In-medium static quark potential from spectral functions on realistic HISQ ensembles

TL;DR

This study investigates the in-medium static quark potential using spectral functions derived from lattice QCD ensembles with dynamical HISQ flavors across a wide temperature range, employing multiple reconstruction methods.

Contribution

It introduces a comprehensive analysis of quark-antiquark interactions in a thermal medium using spectral functions and compares three different spectral reconstruction techniques.

Findings

Spectral functions reveal temperature-dependent peak positions and widths.

Multiple reconstruction methods provide consistent insights into in-medium quark potentials.

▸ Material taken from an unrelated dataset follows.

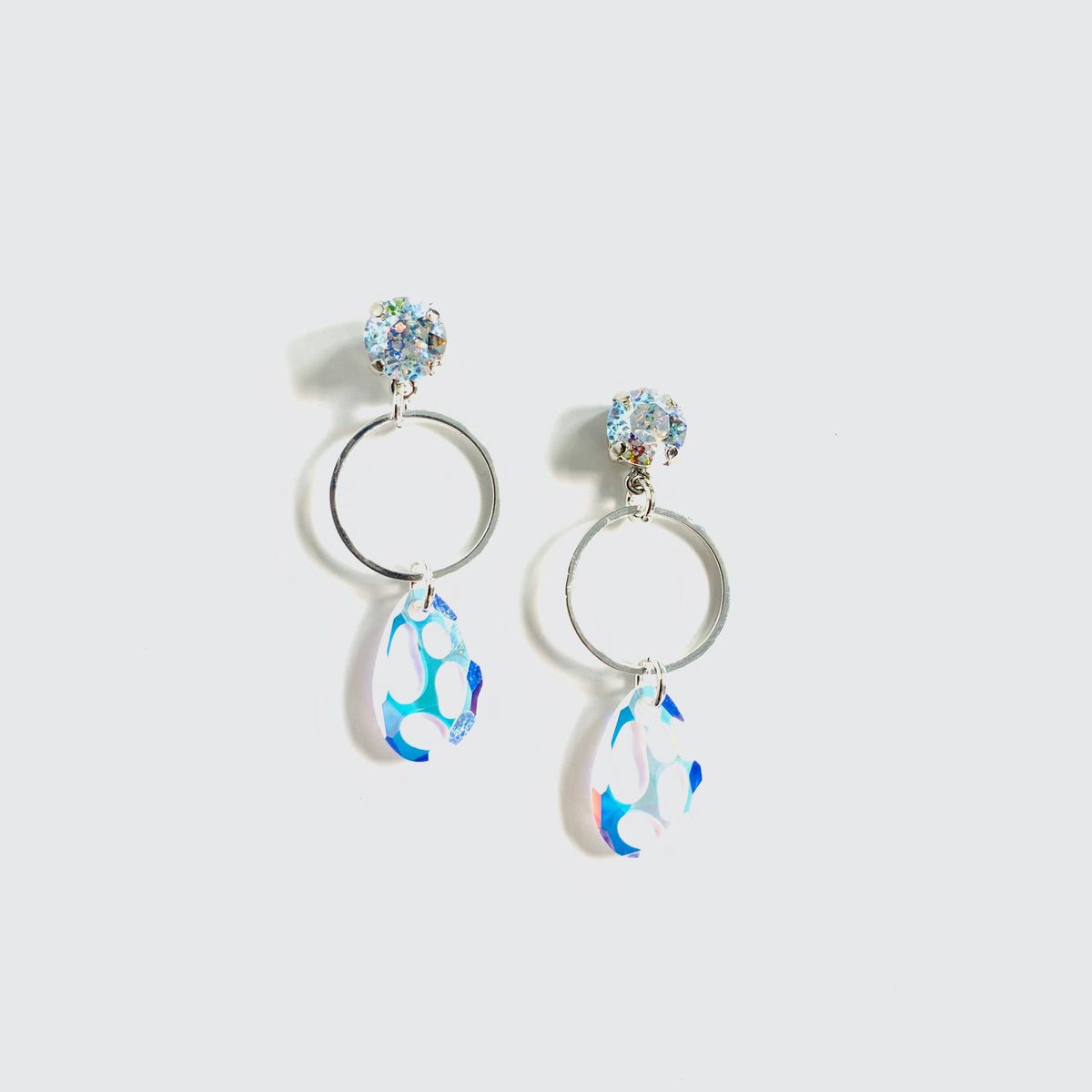 Butterfly Earring set into Shiny Silver Metal in Crystal AB

The study assesses the limitations of each spectral analysis approach.

Abstract

We explore the interactions between a quark anti-quark pair in a thermal medium based on lattice QCD ensembles with $N_f = 2+1$ dynamical HISQ flavors. Our dataset spans the phenomenologically relevant temperature range between T=140MeV-2GeV based on lattice sizes $N_\tau=10,12$ and $16$, with an aspect ratio of $N_\sigma/N_\tau=4$. The peak position $\Omega$ and the width $\Gamma$ of the spectral function of Wilson-line correlators in Coulomb gauge is computed. We assess the information content in the correlation functions and deploy three complementary strategies to reconstruct spectral information: model fits, Pad\'e approximation and the Bayesian BR method. Limitations of each approach are carefully assessed.